» **EXERCISE GOAL**: Only a slice of the listing below is wanted. Retype the lines from the one containing "From heartfelt birthday" through the one containing "Com Zeca Afonso, Francisco", exactly, both ends included.
── AVAILABLE DATA
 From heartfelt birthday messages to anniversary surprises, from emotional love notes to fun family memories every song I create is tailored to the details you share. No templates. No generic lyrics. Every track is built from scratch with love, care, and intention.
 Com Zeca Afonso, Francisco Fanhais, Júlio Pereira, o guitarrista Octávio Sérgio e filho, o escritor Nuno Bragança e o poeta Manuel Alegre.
────
── AVAILABLE DATA
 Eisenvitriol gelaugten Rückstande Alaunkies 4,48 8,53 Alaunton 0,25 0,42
────
» **EXPECTED ANSWER**:
 From heartfelt birthday messages to anniversary surprises, from emotional love notes to fun family memories every song I create is tailored to the details you share. No templates. No generic lyrics. Every track is built from scratch with love, care, and intention.
 Com Zeca Afonso, Francisco Fanhais, Júlio Pereira, o guitarrista Octávio Sérgio e filho, o escritor Nuno Bragança e o poeta Manuel Alegre.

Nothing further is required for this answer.